204
Andō Hiroshige
Descending Geese at Katada
1834/35

Signed: Hiroshige ga; Publisher’s seal: Eikyūdō (Yamamotoya Heikichi); censor’s seal: kiwame; ōban, yoko-e, 25.3 x 37.5 cm; nishiki-e with fukibokashi and musenzuri

From the series “Eight Views of Ōmi”, On a winter afternoon the fishermen on Lake Biwa are hauling in their nets. On the left is the famous Ukimidō (“Floating Hall”), a small Buddhist shrine built in the lake. It is part of a temple complex on the shore of the lake behind it. Two flocks of the wild geese that spend every winter on Lake Biwa are crossing the evening sky. This site was an extremely popular motif among writers and painters in old Japan.

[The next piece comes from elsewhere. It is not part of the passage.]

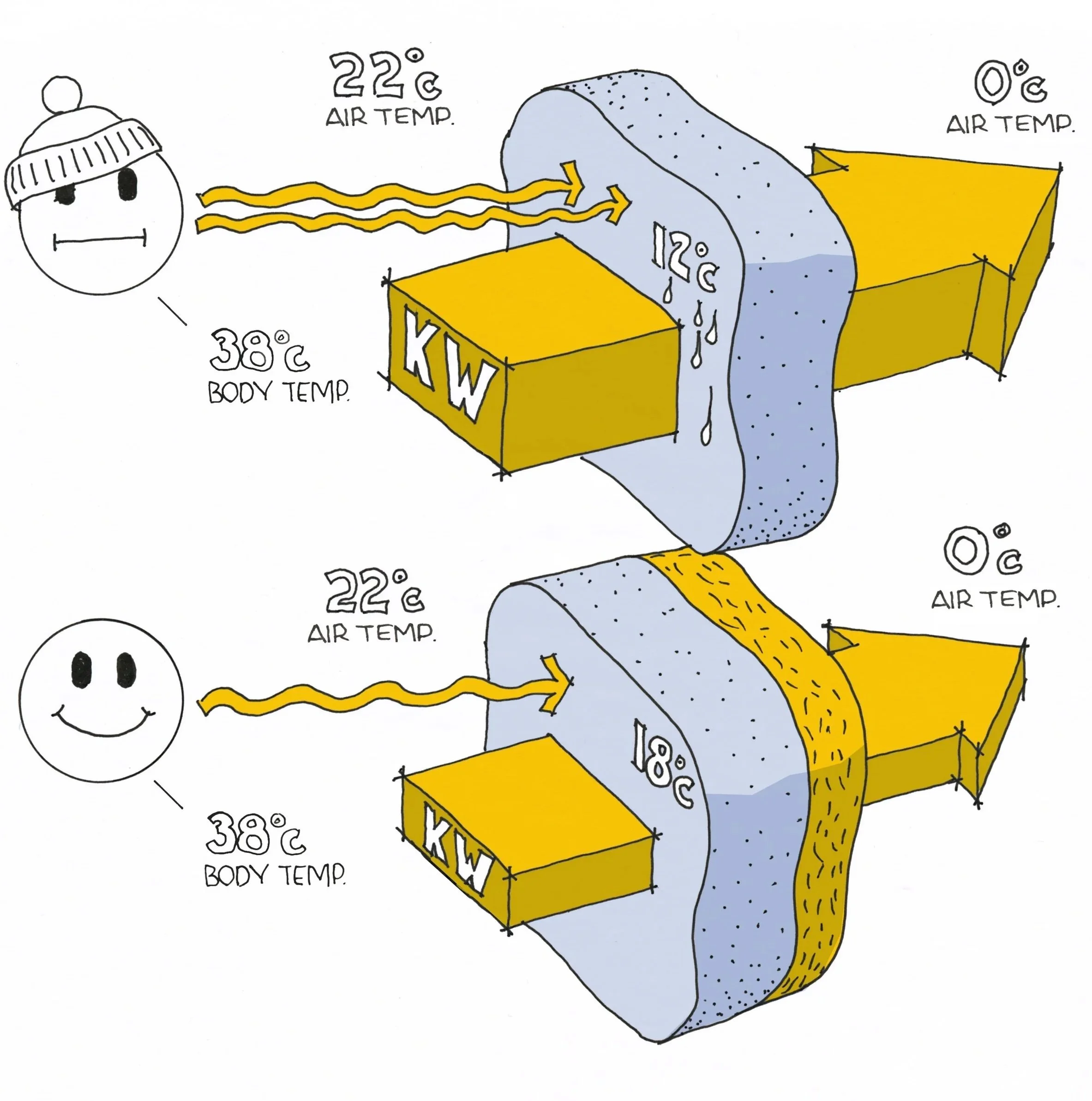 Even if you can raise air temperatures to a satisfactory level, if surrounding surfaces are much colder than you are, you will continue to feel thermal discomfort. In fact, your body will emit radiant heat energy to the colder surface. Imagine the rate of heat loss as if it were a conveyor belt going through the building fabric – the more insulation, the slower the conveyance to outside. Image credit: Deeper Green

Monnsen, Stockholm; F. Tikotin, La Tour de Peilz (June 1968)
Riese Collection #146

The finest impressions of this tranquil design are printed entirely in shades of blue and grey, with a distinct pattern of embossing on the waves. These impressions used a block for the distant mountain with a sharp peak at the left, and two distinct peaks at the right. An impression of this state is reproduced in Ledoux, Hokusai to Hiroshige, no. 27. In the second state of the print, the block for the mountain was changed to the more roundly contoured shape we see here, and the colour scheme was altered to give an effect of sunset rather than nightfall, just as the colours were altered on the view of Mii Temple. (It might be mentioned that green was also added in somewhat later impressions of Mt. Hira). Here the mountain in the middle distance is green, and there is a glow of orange along the horizon. Impressions of this state are reproduced in Kikuchi 1277, Ukiyo-e Taikei, Vol. 11, no. 156, Scheiwe catalogue, no. 468.

A final state, with the same colour scheme, but with a large break on the right side of the hat of the rightmost fisherman in the middle boat is reproduced in the Vignier and Inada catalogue, no. 240, pl. LXIV. Because of poor colour reproduced that print also looks hand-collared, and seems to have a new block with clouds to the right of the title cartouche. Late impressions with the green mountain seem to lack the embossed waves that mark the first state and this impression.

Reproduced in Riese, Asiatische Studien, 1972, p. 114, no. 34.